This issue is typified by the glass-reinforced epoxy fan nose spinner now used on all Rolls Royce civil engines (figure 2). Although this appears to be a relatively straightforward component in terms of materials and manufacturing process, entry into service and the realisation of the cost and weight benefits had to wait until the costs of the certification test programme (cyclic fatigue and bird impact) could be borne by the launch of the next variants of the RB211 engine.

Figure 2. Rolls-Royce fan nose spinners.

The use of carbon-fibre-reinforced epoxy fan outlet guide vanes is a more recent example of the need for an opportunity to secure a composite application, fig 3. Although proven in terms of materials and manufacturing process, and having survived limited engine exposure, this specific application awaits the launch of a new engine design to reap the potential cost and weight benefits. Further qualification testing to clear this component for service operation would include extensive strain gauge surveys under forward/reverse thrust and cross-wind loads followed by the standard 150 hour ‘modification approval’ engine test costing in excess of US$1.5million, obviously unjustifiable for this component alone.

Figure 3. A carbon fibre reinforced epoxy Trent fan outlet guide vane.

Composite Integration

Metals have been used in the aeroengine since its invention and, consequently, the associated technologies required for their integration into the engine, for example the designs of joints, methods of preventing corrosion and component lifing methodologies, are all very well established. Composite materials clearly do not share this luxury. Although some of the materials and manufacturing processes have been in place for nearly thirty years, the full suite of technologies needed for regular, successful applications is not yet in place. In fact, it is often the case that a potentially highly beneficial application cannot be attempted until specific ‘engine integration’ technologies have been delivered.
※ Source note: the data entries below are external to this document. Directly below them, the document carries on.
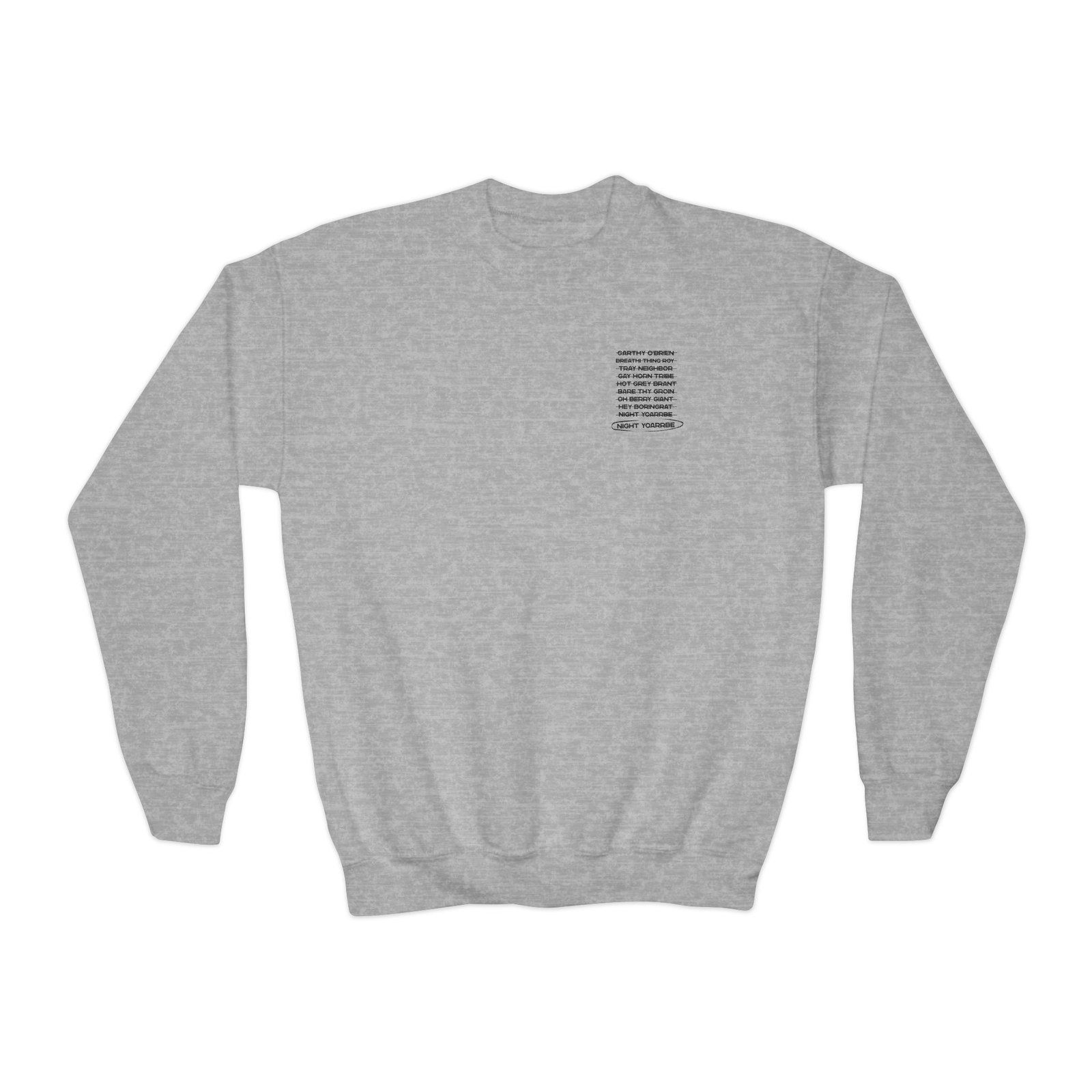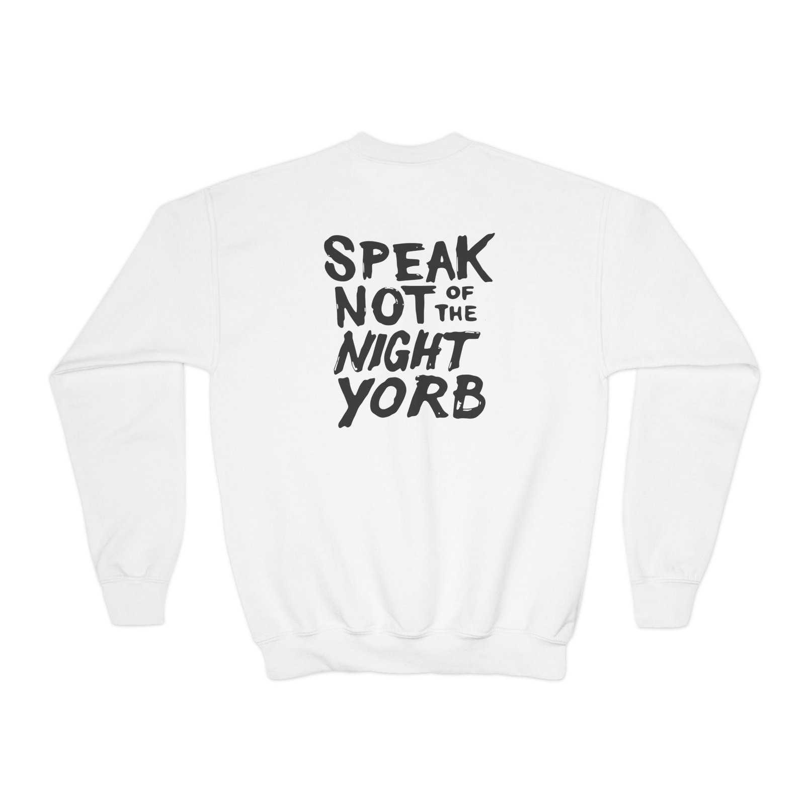 This loose-fit youth Dropout Night Yorb Anagram crewneck brings moody, occult-inspired style to everyday wear. A storm-lit silhouette and grainy, moonlit scene sit beneath hand-lettered gothic text in bruised purple — a look that reads like a midnight zine spread. The sweatshirt’s medium-heavy knit feels substantial without weighing down small frames, and the ribbed collar and cuffs hold their shape through play and repeat washes. Let this crew be the quiet centerpiece of a darker wardrobe: layered over band tees, hoodies, or under a denim jacket for a city-night vibe that leans mysterious and made-for-exploring.
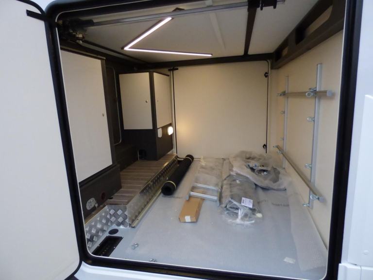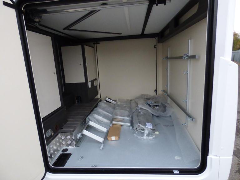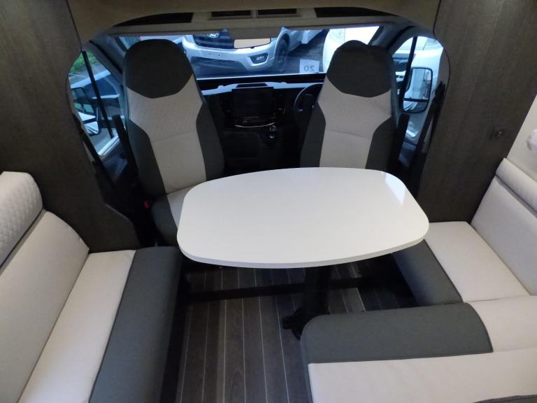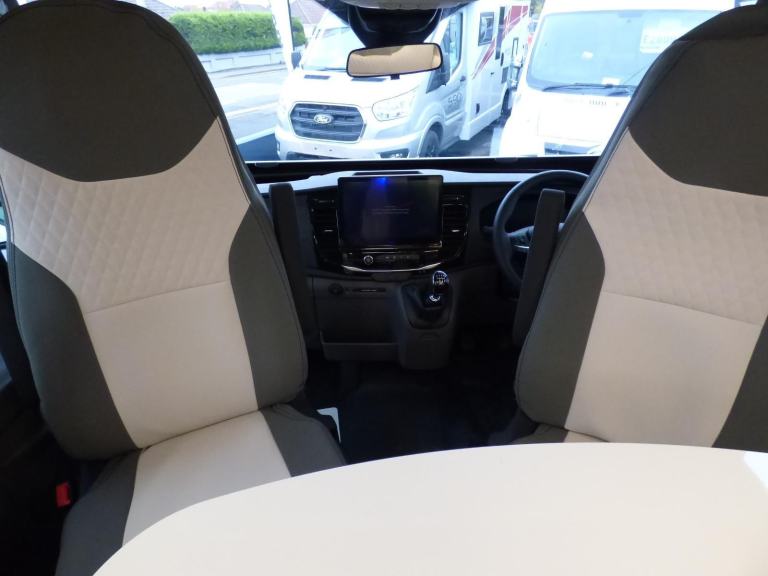 Just Arrived! New 2026 Model Zefiiro Sport based on the Ford Transit chassis with 130bhp engine and 6 speed manual transmission with the Ford 12" screen infotainment system and front parking sensors. The huge rear garage with electric elevating bed over makes this particularly popular for sports orientated users such as Motocross and Karting. The large double bed over the cab and the rear bed means that four can sleep in comfort and the dinette area has swivelling front seats, so 4 can dine with ease. The well equipped kitchen features a 3 burner gas hob, gas oven/grill and large fridge/freezer with lower bottle compartment. The Zefiro Sport bathroom has a separate shower cubicle and basin with cassette type toilet. The habitation area benefits from a Truma hot water/heating system with the latest Truma iNetX control system, 200w solar panel, LED lighting, TV Bracket, Thule wind out awning, Pleated Cab Blinds, Reversing camera, External BBQ & shower points, 4G WiFi,, ISOfix and carpets. L. 7.43m, W. 2.35m, H 3.2m, 3,500kg, 4 berth/4 seatbelts, Delivery Miles. Features Include: 200w solar panel with mppt controller, 4g wifi, cab a/c, carpets, dinette conversion option, external gas bbq point, external shower point, flyscreen for hab door, ford 12, iso fix child seat fixings, pleated cab blinds, rear garage, reversing camera, thule awning, tv bracket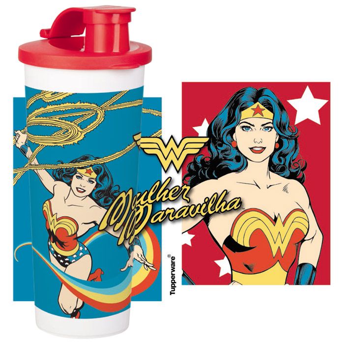| Cor | Branco, tampa vermelha e design da Mulher Maravilha |

Future Composite Applications

Looking further into the future, one area of application that potentially yields the largest benefits in terms of cost and weight reduction is the large static structure located immediately behind the fan on a civil engine. Depending on the engine configuration, this component can carry a multiplicity of major structural loadings including the engine mass, the forward thrust, the reverse thrust on landing and the out of balance forces caused by the loss of a fan blade.
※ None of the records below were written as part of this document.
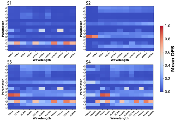 在观测场景 S1–S4 下,各参数的平均 DFS 与波长 (650 nm–2460 nm) 的关系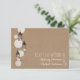 Um rsvp de casamento com ilustração de um grupo de lanternas e lanternas de jardim cheias de arranjos florais. O fundo na frente é o estoque de papelão inspirado. Personalize o texto na frente e atrás.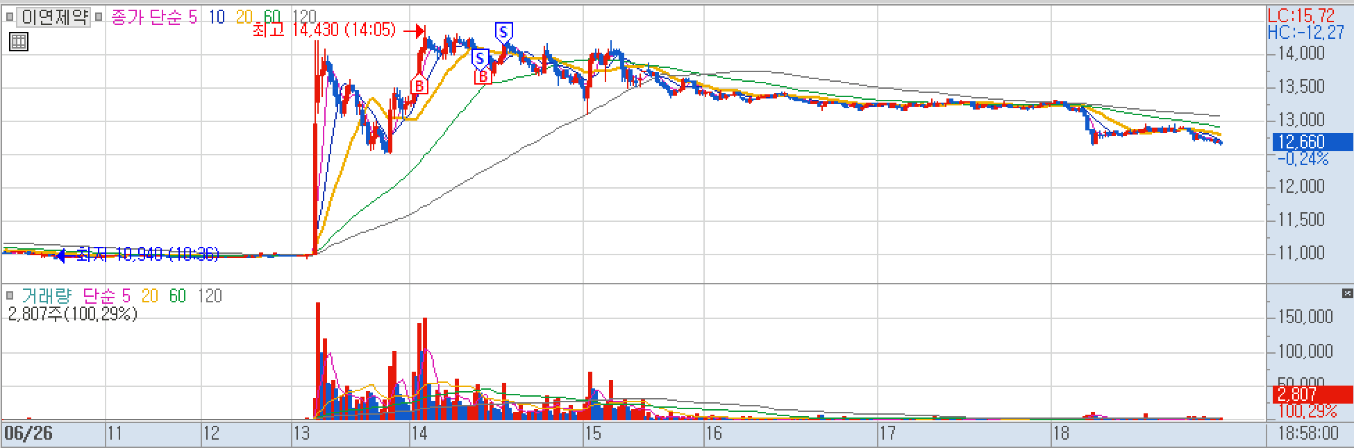상한가 한 번 풀리고 잠그길래 괜찮다고 생각했으나 또 풀려서 결국 전량 매도. >>> 이후에 상한가 다시 갔다. ㅠㅠ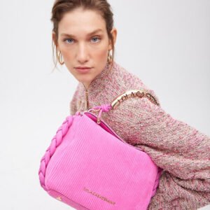 - Confeccionada en material de alta calidad, cuenta con detalles trenzados y un cierre seguro.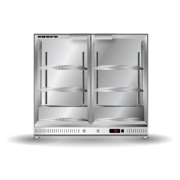 Skope Ascend Series Two Glass Swing Door, 130Lt Undercounter Bar Cooler Fridge. Finished in Stainless Steel.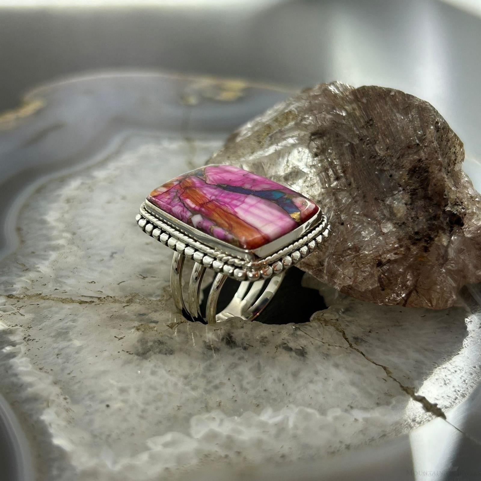 Sterling Silver Southwestern Style Square Dahlia Ring Size 6.75 For Women
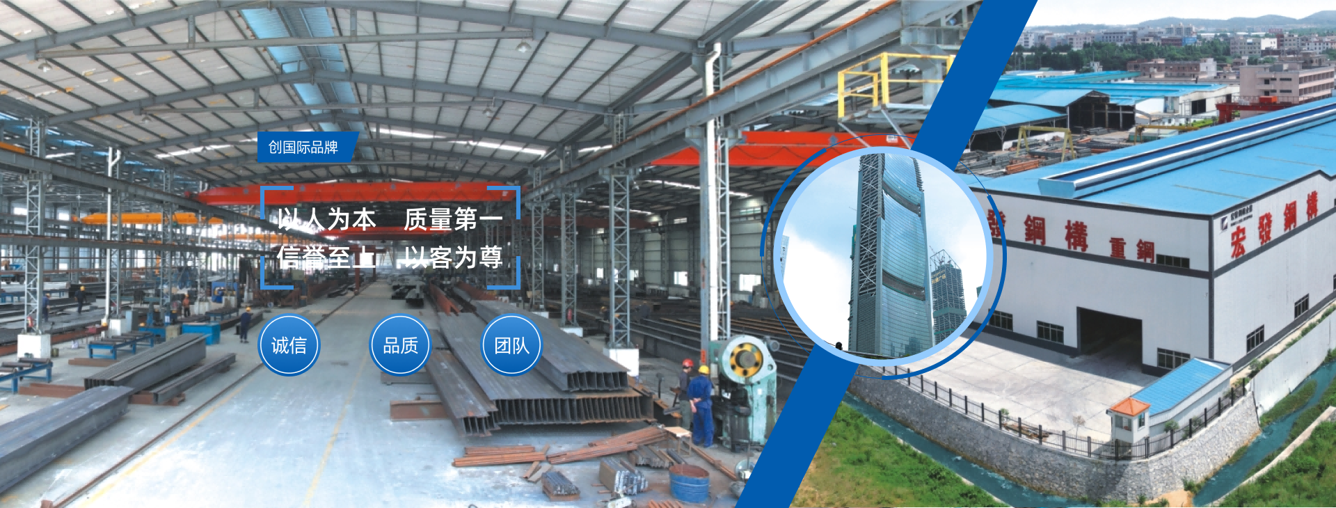 宏發鋼鐵企業是目前華南地區鋼鐵企業中最具規模的龍頭 企業之一,集團總部位于東莞市東部工業園。主營業務:建筑類 鋼結構產品的生產、加工、銷售,包括型材、彩瓦、夾芯板等圍 護系統;工業用金屬板材的專業分條及剪切,包括冷板、電解板、 鍍鋅板等。  公司從1993年成立至今,經過二十多年的蓬勃發展,集團旗 下已擁有:東莞市宏發鋼鐵結構材料有限公司、廣東宏泰重工鋼 結構有限公司(擁有國內外先進鋼結構生產設備、專業加工大型 箱型、橋梁、門式鋼結構以及圍護系統,年生產能力二十萬余 噸。);東莞市宏順金屬材料有限公司(專業分條及裁切各種電 子五金加工用金屬板材,研發生產高端組合建筑系列產品。); 東莞市宏駿鋼鐵貿易有限公司(型鋼、型材等銷售,各種工業、 建筑業鋼材的進出口貿易業務。);廣東宏鋼建設工程有限公司 (工程承包);佛山莞順工廠(圍護系統);(香港)宏發鋼鐵 有限公司;(新加坡)宏發鋼鐵有限公司。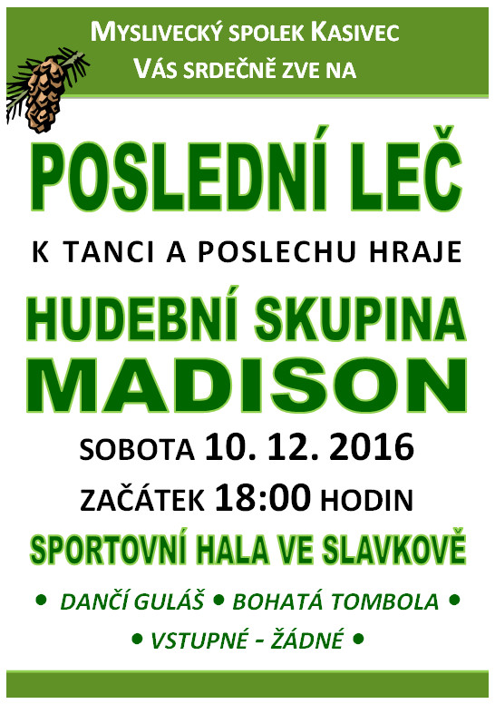 Myslivecký spolek Kasivec Slavkov Vás srdečně zve na POSLEDNÍ LEČ - sobota 10.12.2016 - sportovní hala Slavkov. Neváhejte a přijďte ochutnat výtečný gulášek, omrknout krásnou výzdobu sálu a hlavně se skvěle pobavit ...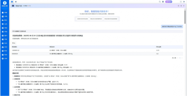 科脉云帆不仅能够快速定位问题商品,还能智能分析导致负毛利的关键因素。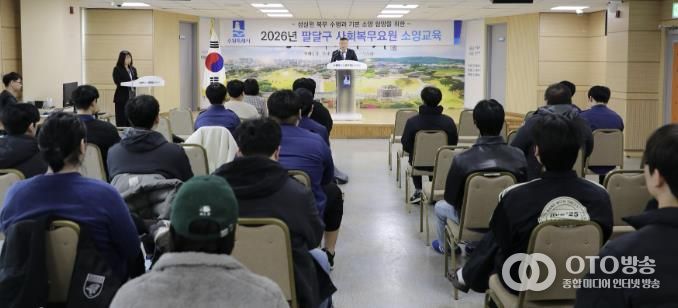 oto방송 김민석 기자 | 수원시 팔달구는 지난 5일 팔달구청 대회의실에서 사회복무요원 전원을 대상으로 2026년 상반기 소양교육을 실시했다.

To cope with this arduous duty, it is essential that the composite component has at least equivalent integrity to its isotropic metallic equivalent. This means developing a full understanding of the application in terms of vibration characteristics, strength under static, fatigue and dynamic loading (especially of features such as joints and radii), determination of a lifing philosophy, development of suitable NDE techniques, plus numerous other technologies essential for such critical parts. Demonstration programmes for such components are underway within the major aeroengine companies but, because of the need to generate the full suite of application technologies described above, such components are unlikely to see service operation before the year 2005.

Design Parameters

As already indicated, the appropriate materials and manufacturing process technologies for many of the potential PMCs are already in place. From the designer’s point of view, the transition from working with isotropic materials to composites would appear at first sight to be relatively straightforward. With a wide range of matrix types covering temperatures up to 300°C and a selection of reinforcing fibres in different strengths and stiffnesses to choose from, the designer would appear to have a material for every occasion within this temperature regime. The stumbling block, however, is that he will often find having carried out an initial design that, unless the component was a ‘repeat’ of a previous composite part, there are a number of unknowns about its potential behaviour in the engine. Some of these unknowns, or ‘engine integration’ issues, are likely to carry a high risk. In such cases, the risk can only be eroded by technology demonstration, commitment to which will be granted on the basis of the balance between perceived risk and potential payback.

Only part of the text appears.